FY 23 Raise Grants Illustrate Transformative Impact of Connected Trail, Walking and Biking Infrastructure in Rural, Suburban and Urban Communities Nationwide

By: Rails to Trails Conservancy
June 28, 2023

The ODT at Olympic National Park | Photo by John Gussman
The ODT at Olympic National Park | Photo by John Gussman

FOR IMMEDIATE RELEASE:

June 28., 2023

CONTACT:
 Brandi Horton, brandi@railstotrails.org, 202.974.5155


FY 23 Raise Grants Illustrate Transformative Impact of Connected Trail, Walking and Biking Infrastructure in Rural, Suburban and Urban Communities Nationwide

The U.S. Department of Transportation’s FY 23 RAISE grants mark greatest focus yet on trails, walking and biking, funding trail and active transportation projects in nearly every state in the country and emphasizing investments that create connected active transportation systems.

WASHINGTON, D.C.—In an analysis of the FY 23 U.S. Department of Transportation (USDOT) RAISE GrantsRails-to-Trails Conservancy (RTC), the nation’s largest trails and active transportation advocacy organization, found that this round of funding marks the program’s most far-reaching commitment to connecting people and places by trails and other active transportation infrastructure.
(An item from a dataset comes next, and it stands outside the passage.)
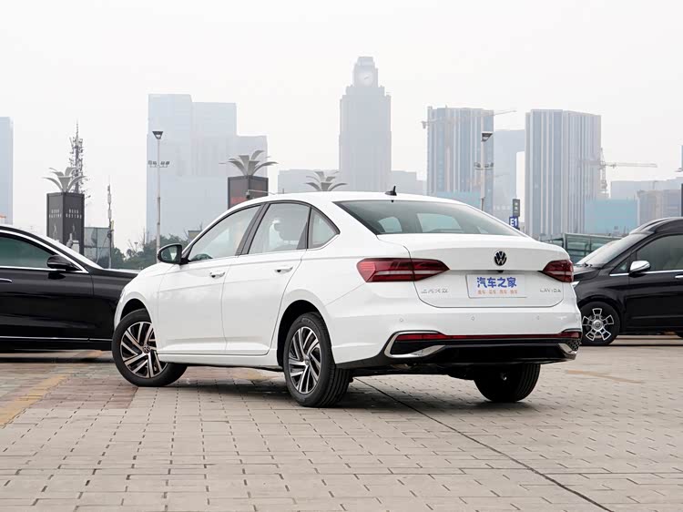 车身侧面,轩逸取消了老款标志性的C柱熏黑饰条,溜背倾角更大,整体姿态更低趴。搭配分段式腰线和传统机械式门把手,配备16英寸五辐运动轮毂。车尾设计与前脸呼应,贯穿式尾灯组内部加入熏黑处理,搭配上翘的小鸭尾扰流板,后保险杠下方点缀碳纤维纹路装饰条,采用隐藏式排气布局,整体简洁又有层次感。朗逸依然是传统的三厢造型,搭配贯穿式腰线,提供15英寸和16英寸两种尺寸的轮毂,门把手也是传统样式设计。车尾配备熏黑LED尾灯,灯腔内部采用分段式光带设计;下方配备黑色运动下包围,与车身线条自然衔接,同样采用隐藏式排气布局,让车尾整体观感简洁规整。值得一提的是,朗逸的高配车型搭载了转向辅助灯,能进一步提升行驶安全性。

Grants that support the needs of bicyclists and pedestrians were distributed in 48 states and Washington, D.C.

The scale of investments—representing portions of 80% of the total projects funded—illustrates the significance of creating and connecting walking and biking infrastructure in every region of the country. In addition, many of the projects awarded prioritize connectivity, showcasing the need to create safe, convenient walking and biking routes so people can get where they need to go whether or not they drive.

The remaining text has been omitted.